* Study material

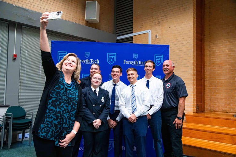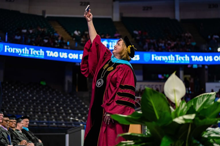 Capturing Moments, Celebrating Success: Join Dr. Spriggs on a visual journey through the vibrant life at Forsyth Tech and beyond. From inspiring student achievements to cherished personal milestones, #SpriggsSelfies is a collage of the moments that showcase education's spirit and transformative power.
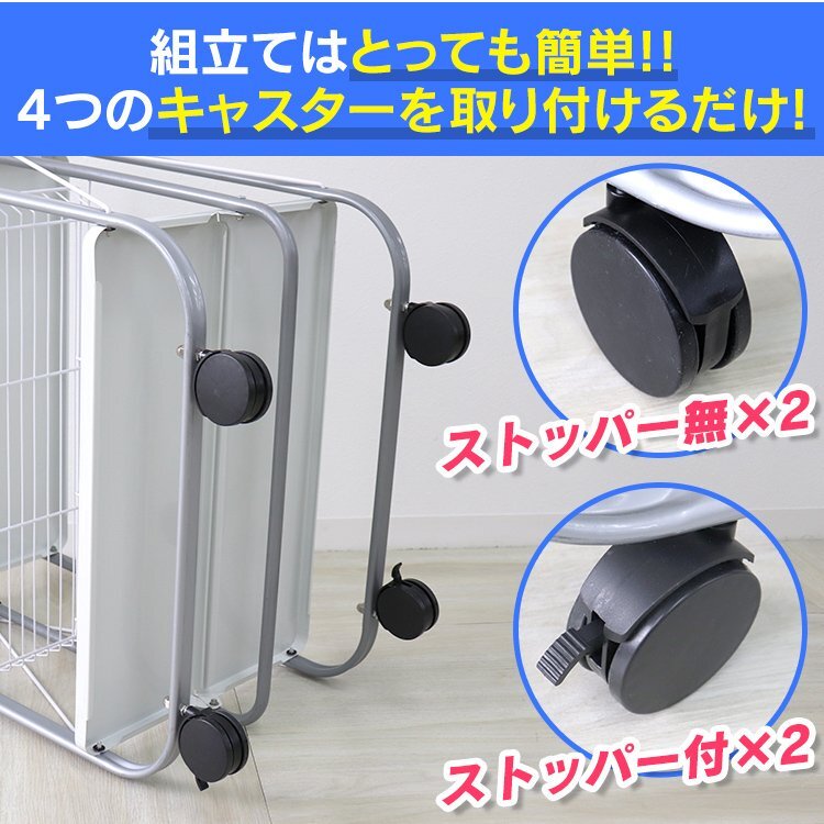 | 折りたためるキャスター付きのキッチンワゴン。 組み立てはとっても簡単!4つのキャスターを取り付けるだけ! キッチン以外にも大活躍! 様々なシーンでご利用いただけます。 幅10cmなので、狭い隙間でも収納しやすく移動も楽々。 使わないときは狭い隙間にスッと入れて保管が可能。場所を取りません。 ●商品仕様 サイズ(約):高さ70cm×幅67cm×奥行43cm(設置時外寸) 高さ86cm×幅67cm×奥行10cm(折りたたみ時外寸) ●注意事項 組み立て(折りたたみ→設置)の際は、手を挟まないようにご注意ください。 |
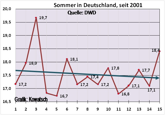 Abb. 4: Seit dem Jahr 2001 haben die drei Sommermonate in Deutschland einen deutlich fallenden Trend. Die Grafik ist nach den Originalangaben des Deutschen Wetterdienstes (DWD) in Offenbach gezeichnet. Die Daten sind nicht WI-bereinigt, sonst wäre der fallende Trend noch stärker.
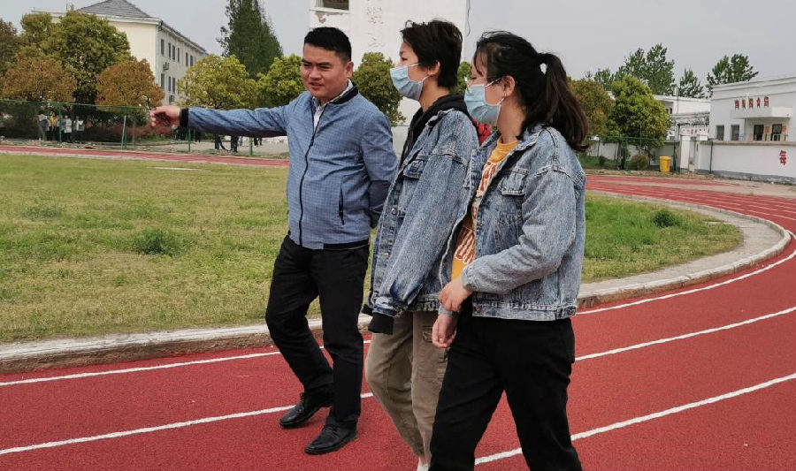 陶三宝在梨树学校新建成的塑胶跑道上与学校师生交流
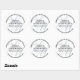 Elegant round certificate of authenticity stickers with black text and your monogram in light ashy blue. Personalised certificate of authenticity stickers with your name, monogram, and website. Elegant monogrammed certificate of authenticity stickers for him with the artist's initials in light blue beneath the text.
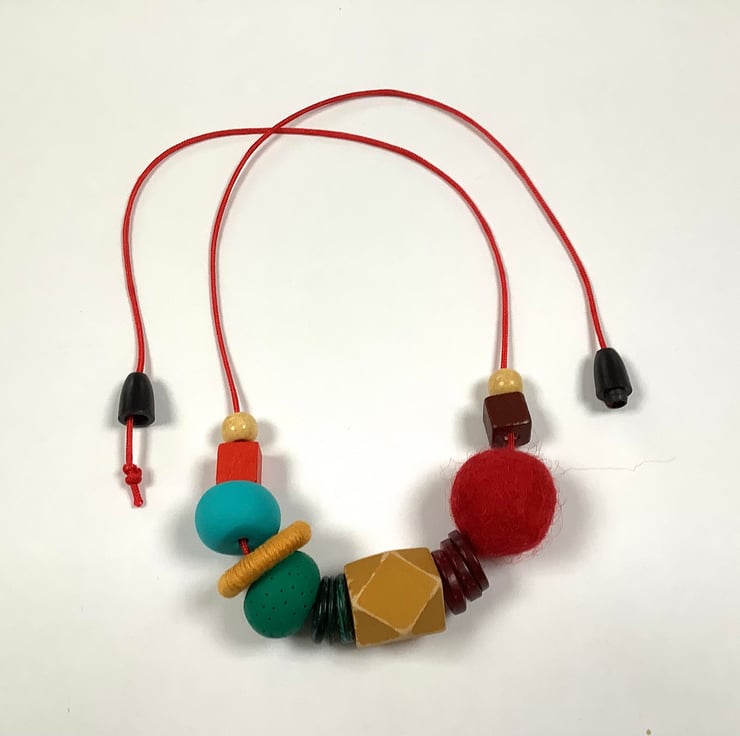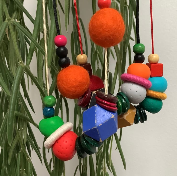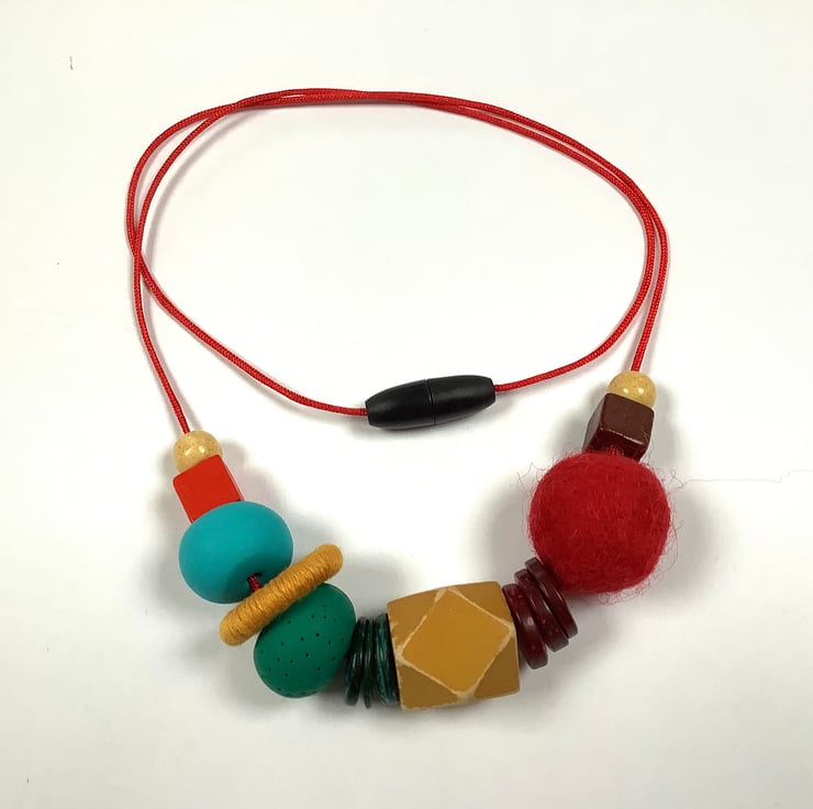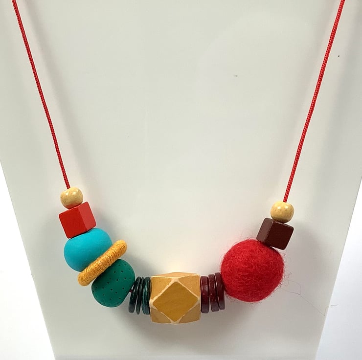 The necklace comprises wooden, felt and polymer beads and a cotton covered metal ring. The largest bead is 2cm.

* Work instruction
The expected answer is the line with "組み立てはとっても簡単!4つのキャスターを取り付けるだけ! キッチン以外にも大活躍! 様々なシーンでご利用いただけます。" followed by every remaining line of the listing, each restated exactly, with all pictures dropped.

* Worked solution
 | 折りたためるキャスター付きのキッチンワゴン。 組み立てはとっても簡単!4つのキャスターを取り付けるだけ! キッチン以外にも大活躍! 様々なシーンでご利用いただけます。 幅10cmなので、狭い隙間でも収納しやすく移動も楽々。 使わないときは狭い隙間にスッと入れて保管が可能。場所を取りません。 ●商品仕様 サイズ(約):高さ70cm×幅67cm×奥行43cm(設置時外寸) 高さ86cm×幅67cm×奥行10cm(折りたたみ時外寸) ●注意事項 組み立て(折りたたみ→設置)の際は、手を挟まないようにご注意ください。 |
 Abb. 4: Seit dem Jahr 2001 haben die drei Sommermonate in Deutschland einen deutlich fallenden Trend. Die Grafik ist nach den Originalangaben des Deutschen Wetterdienstes (DWD) in Offenbach gezeichnet. Die Daten sind nicht WI-bereinigt, sonst wäre der fallende Trend noch stärker.
 陶三宝在梨树学校新建成的塑胶跑道上与学校师生交流
 Elegant round certificate of authenticity stickers with black text and your monogram in light ashy blue. Personalised certificate of authenticity stickers with your name, monogram, and website. Elegant monogrammed certificate of authenticity stickers for him with the artist's initials in light blue beneath the text.
 The necklace comprises wooden, felt and polymer beads and a cotton covered metal ring. The largest bead is 2cm.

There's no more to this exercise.